▸ Brief
I would like the lines below, from the one with "Преподаватели, мастера, учащиеся" through the one with "Este set de", copied exactly and without any pictures.

▸ Material supplied
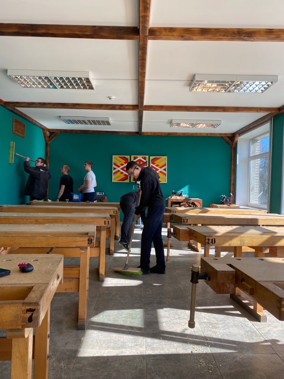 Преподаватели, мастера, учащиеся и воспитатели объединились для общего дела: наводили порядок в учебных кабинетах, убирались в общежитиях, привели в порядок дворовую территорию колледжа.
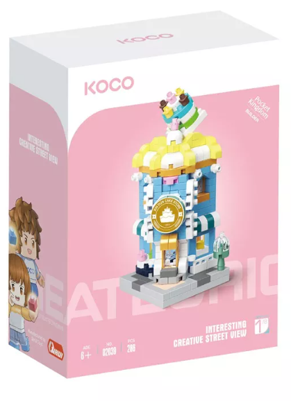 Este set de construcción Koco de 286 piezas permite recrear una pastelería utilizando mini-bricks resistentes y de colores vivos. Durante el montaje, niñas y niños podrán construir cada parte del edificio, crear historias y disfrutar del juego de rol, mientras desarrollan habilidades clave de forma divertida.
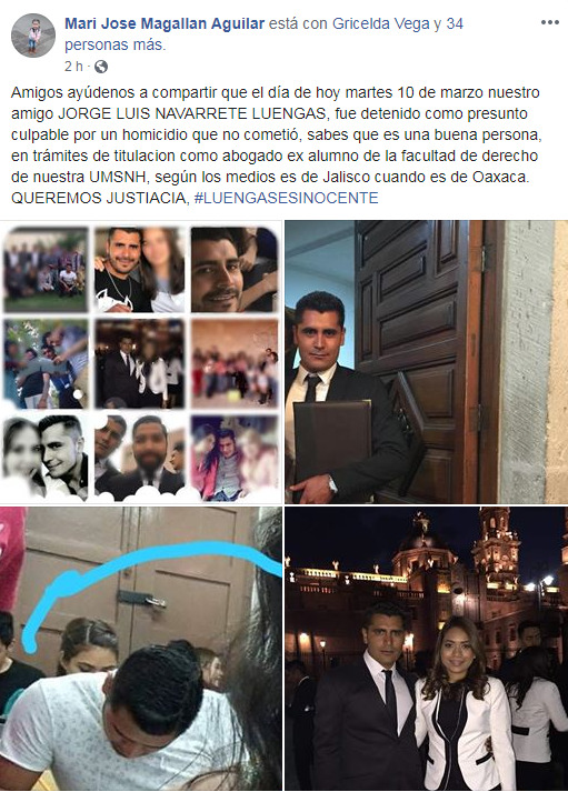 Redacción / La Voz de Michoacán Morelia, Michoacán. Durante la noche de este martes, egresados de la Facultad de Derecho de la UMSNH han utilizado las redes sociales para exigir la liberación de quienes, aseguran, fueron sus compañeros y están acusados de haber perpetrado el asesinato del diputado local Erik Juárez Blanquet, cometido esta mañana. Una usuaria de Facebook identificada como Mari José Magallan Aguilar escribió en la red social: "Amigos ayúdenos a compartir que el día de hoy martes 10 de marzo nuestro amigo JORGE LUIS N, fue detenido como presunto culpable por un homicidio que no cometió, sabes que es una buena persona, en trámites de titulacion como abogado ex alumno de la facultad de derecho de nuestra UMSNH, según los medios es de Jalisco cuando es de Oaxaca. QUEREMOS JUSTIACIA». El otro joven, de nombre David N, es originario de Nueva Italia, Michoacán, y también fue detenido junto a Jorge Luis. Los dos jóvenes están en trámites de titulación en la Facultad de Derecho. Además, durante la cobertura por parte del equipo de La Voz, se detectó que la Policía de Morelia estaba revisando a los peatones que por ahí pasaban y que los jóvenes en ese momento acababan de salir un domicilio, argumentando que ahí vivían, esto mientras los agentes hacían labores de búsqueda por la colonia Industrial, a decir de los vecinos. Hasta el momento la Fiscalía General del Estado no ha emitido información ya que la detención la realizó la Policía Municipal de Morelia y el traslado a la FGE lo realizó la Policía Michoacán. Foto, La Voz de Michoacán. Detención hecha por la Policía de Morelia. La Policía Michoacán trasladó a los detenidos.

---

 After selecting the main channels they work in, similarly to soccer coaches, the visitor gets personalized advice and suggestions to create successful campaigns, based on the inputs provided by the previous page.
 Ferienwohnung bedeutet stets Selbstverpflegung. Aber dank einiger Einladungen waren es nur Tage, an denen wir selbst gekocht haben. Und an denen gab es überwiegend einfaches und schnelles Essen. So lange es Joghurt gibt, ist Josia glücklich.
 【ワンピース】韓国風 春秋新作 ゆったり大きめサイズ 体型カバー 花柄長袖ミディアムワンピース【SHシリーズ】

▸ Written answer
 Преподаватели, мастера, учащиеся и воспитатели объединились для общего дела: наводили порядок в учебных кабинетах, убирались в общежитиях, привели в порядок дворовую территорию колледжа.
 Este set de construcción Koco de 286 piezas permite recrear una pastelería utilizando mini-bricks resistentes y de colores vivos. Durante el montaje, niñas y niños podrán construir cada parte del edificio, crear historias y disfrutar del juego de rol, mientras desarrollan habilidades clave de forma divertida.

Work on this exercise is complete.